- [RECORDED INFORMATION]:
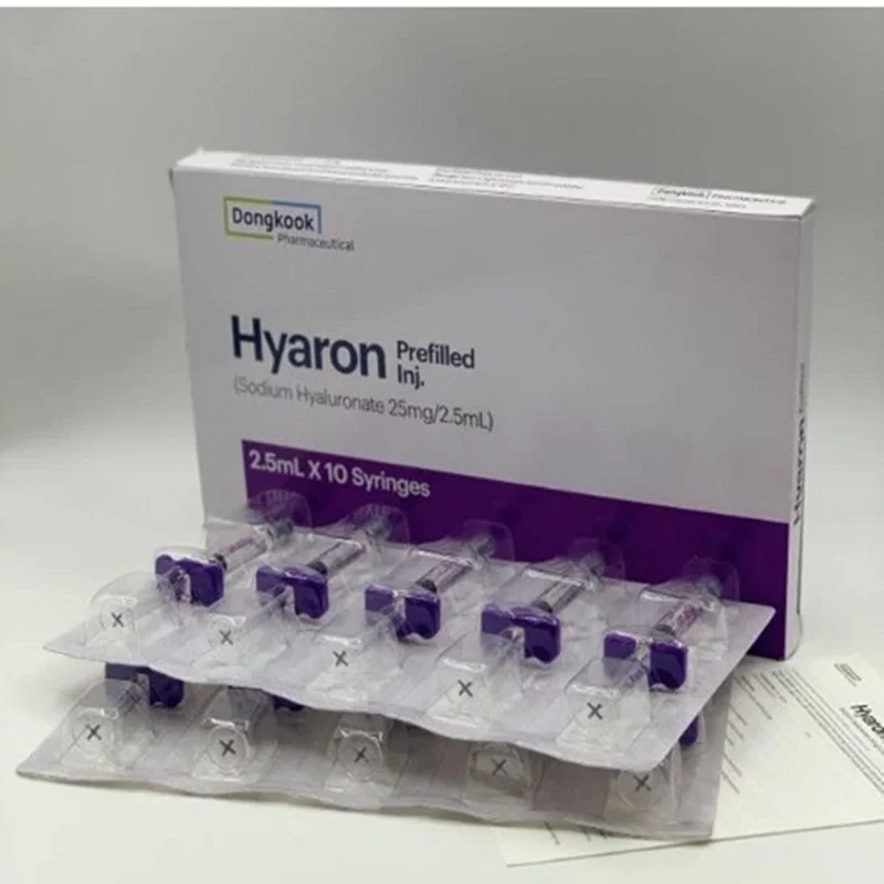 بستههای هیارون شامل ۱۰ سرنگ پر شده با ژل بر پایه هیالورونات سدیم برای تزریق به پوست هستند. هر سرنگ حجم ۲٫۵ میلی لیتر دارد و شامل ۲۵ میلیگرم ماده فعال است. چرخه تزریق معمولی آن یک بار در هفته و دو بار در ماه است. علاوه بر این، این محصول حاوی کلرید سدیم و فسفات سدیم مونوبازیک است.
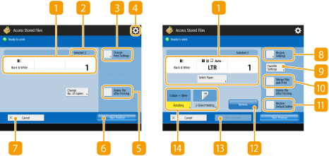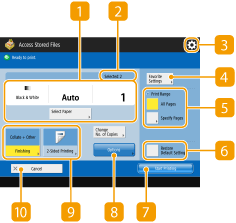 When you press <Access Stored Files> on the Main Menu, and then press <Mail Box>, <Advanced Box>, <Network>, or <Memory Media> to print files, the following setting screen is displayed.
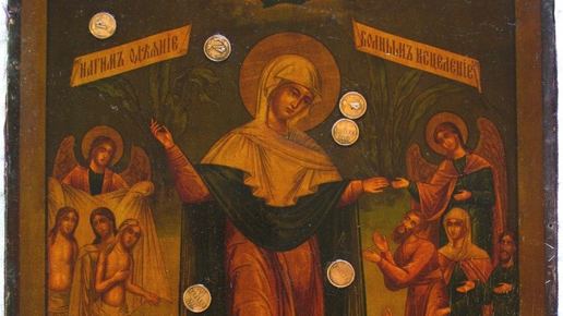Икона Божией Матери, именуемая Всех скорбящих Радость (с грошиками, 1888)

- [WORK ORDER]:
Give the listing above again exactly, minus any images.

- [OUTPUT]:
 بستههای هیارون شامل ۱۰ سرنگ پر شده با ژل بر پایه هیالورونات سدیم برای تزریق به پوست هستند. هر سرنگ حجم ۲٫۵ میلی لیتر دارد و شامل ۲۵ میلیگرم ماده فعال است. چرخه تزریق معمولی آن یک بار در هفته و دو بار در ماه است. علاوه بر این، این محصول حاوی کلرید سدیم و فسفات سدیم مونوبازیک است.
 When you press <Access Stored Files> on the Main Menu, and then press <Mail Box>, <Advanced Box>, <Network>, or <Memory Media> to print files, the following setting screen is displayed.
Икона Божией Матери, именуемая Всех скорбящих Радость (с грошиками, 1888)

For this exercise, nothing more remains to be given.